22 Mar
22Mar

Kenya continues to be adversely effected by climate change as the northern parts of the country continue to experience unprecedented levels of droughts and famine in recent history. The worsening situation points out Kenya’s vulnerability to climate change given it is highly dependent on climate-volatile sectors such as agriculture, tourism and wildlife. 

In the past three years, we have experienced a significant increase in climate-related disasters such as floods and prolonged droughts. These disasters are estimated to be costing the country close to 3% of its gross domestic product (GDP) annually and is threatening to reverse progress in economic development. 

H. E William Ruto, in his inaugural speech, noted that among the central concerns of his government is climate change. While addressing the United Nations General Assembly, he urged all parties to fulfil their financing pledges outlined in the Paris Agreement. The call to action comes ahead of COP 27 which is set to happen in Egypt. It serves to highlight the climate change vulnerability of the region.

 Over the years, Kenya has demonstrated its commitment to building climate resilience cementing its position as the leading climate change voice in the global south. For instance, Kenya is among the first countries to ratify and domesticate the Paris Agreement which set out Nationally Determined Contributions aimed at reducing greenhouse gas (GHG) emissions by 32% by 2030. Despite the gains made, adaptations and mitigation efforts remain largely underfunded thus slowing down the transition to a sustainable economy. Climate financing is a huge opportunity that needs to be pursued in the country.

The National Climate Change Action Plan (NCCAP), 2018-2022 revised the projected estimates meant to build and enhance Kenya’s adaptation and mitigation actions by 2030 to 65B. Climate financing remains the untapped frontier in the fight against climate change in Kenya, it has a huge potential to push the country towards the attainment of the National Determined Contributions by 2030. Green financing brings onboard the financial sector in the country as key players in the implementation of climate change interventions. Traditional financing by financial institutions, for instance, has viewed climate-related sectors as risky and as such, it has limited its financial exposure in these sectors. However, with policies to compensate for the exposure, Kenya can tap on the strength of the financial sector to direct investments into the renewable energy, climate resilient infrastructure, sustainable agriculture and waste management among others. 

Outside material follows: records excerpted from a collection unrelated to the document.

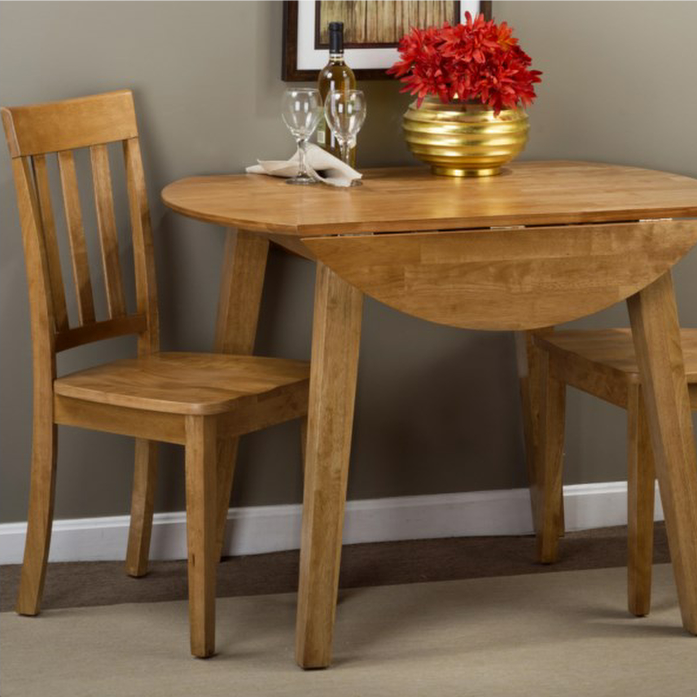 Adding a simple charm to dining room arrangements, this two-four person table set will highlight your home with a look that is relaxed but not under-appreciated. The pieces are made of solid rubberwood finished in a rich and beautiful tone that allows elements of the natural wood grain to show. The legs on the table feature a slight outward slant which not only complements the table but also creates a little extra leg room. The table top also has a drop-leaf construction allowing it to shrink down a bit when you need a little extra space.Read More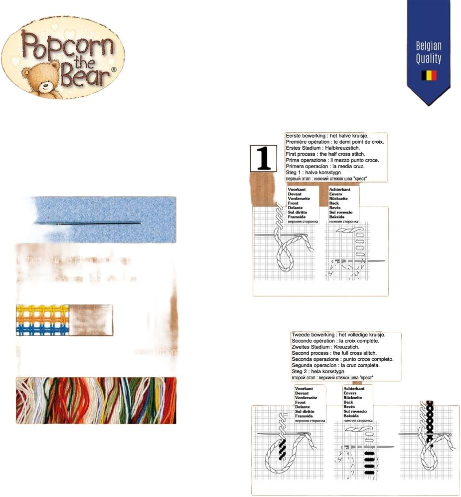 - Inklusive handbemaltem groben Stramin aus 100% Baumwolle, Stickwolle aus 100% Acryl sowie Nadel und Anleitung.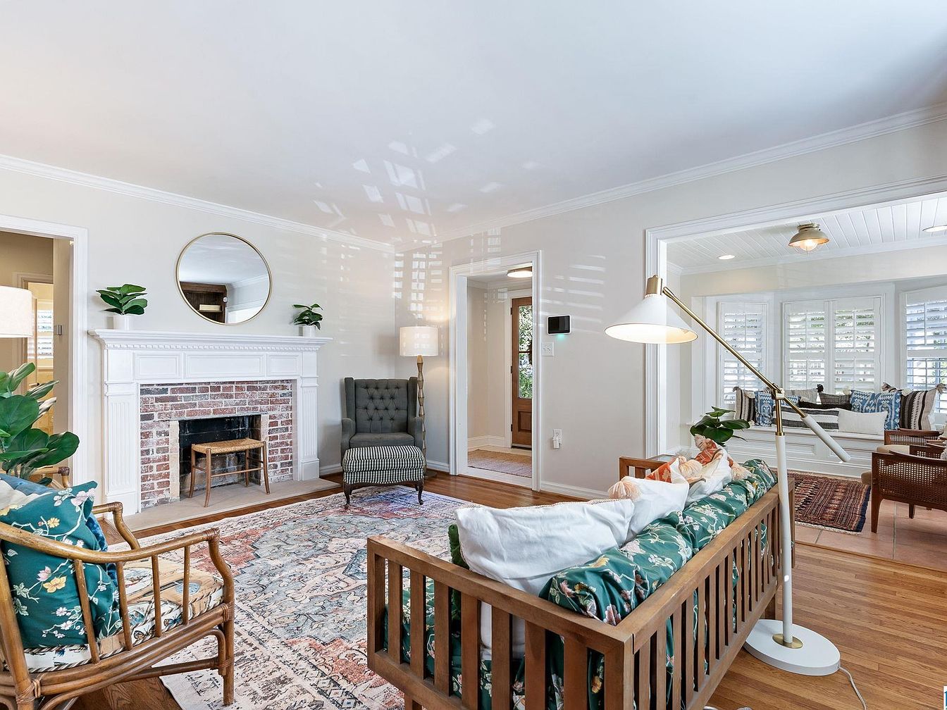 A bright and airy living room with a cozy ambiance. The space features a classic white fireplace with red brick inlay and a round gold-framed mirror above. A tufted, high-back gray armchair sits nearby with a striped ottoman. The central area contains a patterned area rug in muted blues and corals, with a wooden-framed sofa dressed in botanical print cushions and white accent pillows. Large leafy houseplants add freshness. Walls are painted a soft cream, complemented by warm wood flooring. The adjoining room features a windowed nook with white plantation shutters, window seating, and coordinated blue and neutral cushions.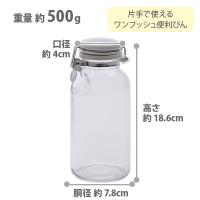 ■素材:本体:ソーダライムガラス、フタ:ポリプロピレン樹脂、フタ止め:ナイロン、フック:ポリカーボネイト樹脂、パッキン:シリコンゴム、金具:18-1ステンレス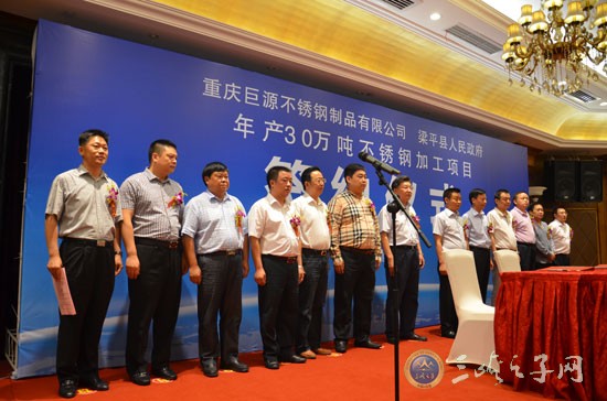 梁平县委书记蒋宜茂在签约仪式上致辞,他说,年产30万吨不锈钢加工项目是梁平县今年招商的"一号项目",是迄今为止落实梁平投资最大的工业项目,是双方互惠互利,互相信任的结果。该项目有广阔的市场前景,建成后,不仅对巨源公司的长远发展具有重要战略意义,还将有力推动梁平县经济结构的调整和产业的提升,填补重庆乃至西南地区大型不锈钢加工业的空白。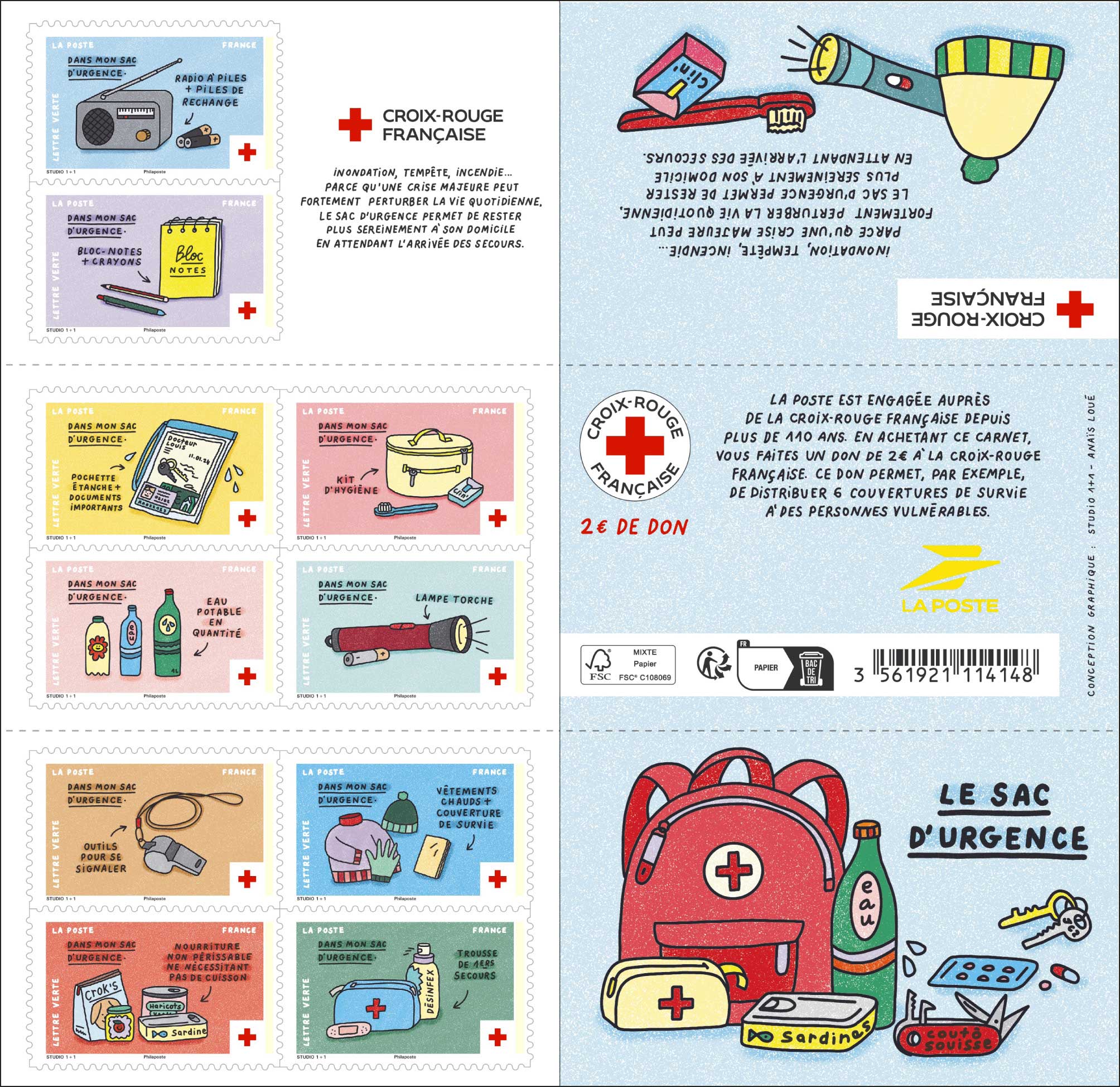 Ce timbre n'est pas encore émis, le visuel et les infos peuvent être erronés.| Description | Émission d'un carnet de 10 timbres-poste dédié au sac d’urgence. Inondation, tempête, incendie, séisme, accident industriel, pandémie... parce qu'une crise majeure peut bouleverser la vie quotidienne il faut se préparer à faire face. La Croix-Rouge française encourage chaque foyer à préparer un sac d’urgence. |

On a promising note, Sustainable Finance Initiative Catalyst Awards convened by the Kenya Bankers Associations recognizes banks that have embedded Sustainable Finance Guiding Principle to create long-term value for the economy, environment and society. This is a testament to the progress made by the banking sector in Kenya and should serve as a launchpad for other financial institutions to innovatively direct the flow of financial investments toward building a sustainable economy.

 Data on climate financing estimates that only 40% of the total climate related investments, could be tracked to the private sector while the remaining 60% is essentially undertaken by public entities. To scale up private financing, national government and county government development plans must integrate a proactive climate financing mechanism that will facilitate ease of investments. Incentives on taxations and product licensing to catalyze climate-friendly investments should be prioritized to bring onboard all tiers of financial institutions.